Other Clinical Studies of Poloxamer 188 in Acute Myocardial Infarction
A companion study to the present thrombolytic trial evaluated the benefits of adjunctive therapy with poloxamer 188 in patients undergoing primary PTCA for acute myocardial infarction. The PTCA trial randomized 150 patients to the high-dose poloxamer 188 regimen (300 mg·kg^-1·h^-1 over 1 hour, then 30 mg·kg^-1·h^-1 over 47 hours) or placebo in a 2:1 ratio. Drug was administered before PTCA-induced reperfusion, and the study end points were identical to those of the present trial. The preliminary results of the PTCA trial presented previously⁶³ demonstrated no significant differences between the treatment groups in infarct size, myocardial salvage, LV ejection fraction, or incidence of reinfarction.
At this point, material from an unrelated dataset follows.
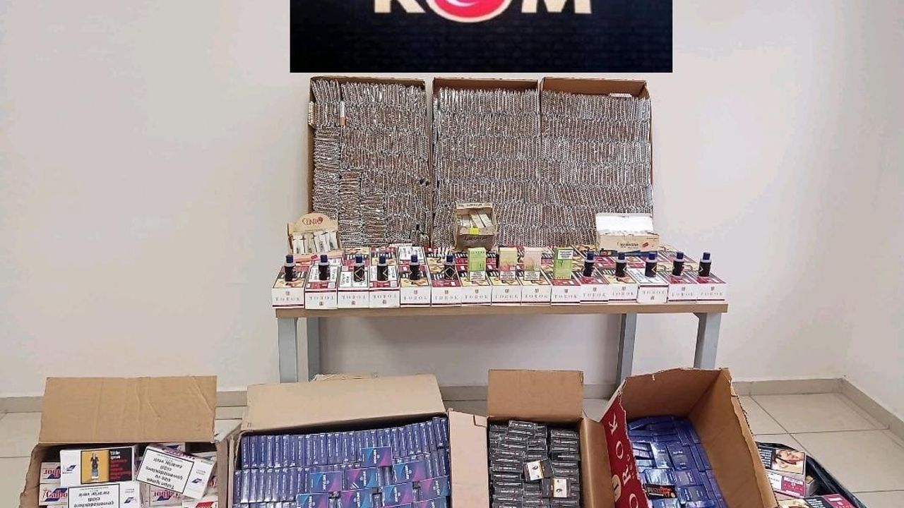 Afyonkarahisar İl Emniyet Müdürlüğü Kaçakçılık ve Organize Suçlarla Mücadele Şube Müdürlüğü yapılan çalışmalar kapsamında Bolvadin’nde bir işyerinde arama yaptı. Yapılan aramada; 820 paket sigara, 20 bin 800 adet boş makaron, 12 bin adet dolu makaron, 96 adet cinsel içerikli ürün, 77 adet elektronik sigara likiti, 4 adet elektronik sigara ele geçirdi. A.K., isimli şahsa adli işlem uygulandı.

Poloxamer 188 has been administered in two clinical trials of acute myocardial infarction as a component of Fluosol therapy,^{64 65} with differing results. Fluosol is a synthetic, acellular, oxygen-carrying perfluorochemical emulsion^{66 67} that contains 2.7% (27 mg/mL) poloxamer 188 used as an emulsifying agent. In a randomized pilot trial of patients (n=12) with anterior myocardial infarction, Forman and coworkers⁶⁴ tested intracoronary Fluosol (40 mL/min over 30 minutes) immediately after primary PTCA. They found treatment to be associated with a significant reduction in infarct size and improvement in regional ventricular function. The mechanism of benefit was not investigated but was suggested to involve inhibition of neutrophil function and enhanced oxygen delivery to the reperfused microcirculation. In a more recent and larger randomized trial, TAMI-9,⁶⁵ the benefits of intravenous Fluosol were studied as an adjunct to thrombolytic therapy (TPA) in acute myocardial infarction. Patients (n=430) were randomized to receive Fluosol (15 mL/kg IV over 1 hour begun after thrombolytic administration) plus 100% inspired oxygen, or no Fluosol. In contrast to the Fluosol/PTCA pilot trial⁶⁴ and the present trial of poloxamer 188 and thrombolytic therapy, the Thrombolysis in Acute Myocardial Infarction 9 trial failed to show any significant benefits of Fluosol therapy on infarct size or ventricular function. However, Fluosol therapy was associated with a significant reduction in recurrent ischemic episodes and a trend toward reduced reinfarction. Not surprisingly given the large volume load, the incidence of congestive heart failure or pulmonary edema was significantly greater in the Fluosol-treated patients compared with control patients.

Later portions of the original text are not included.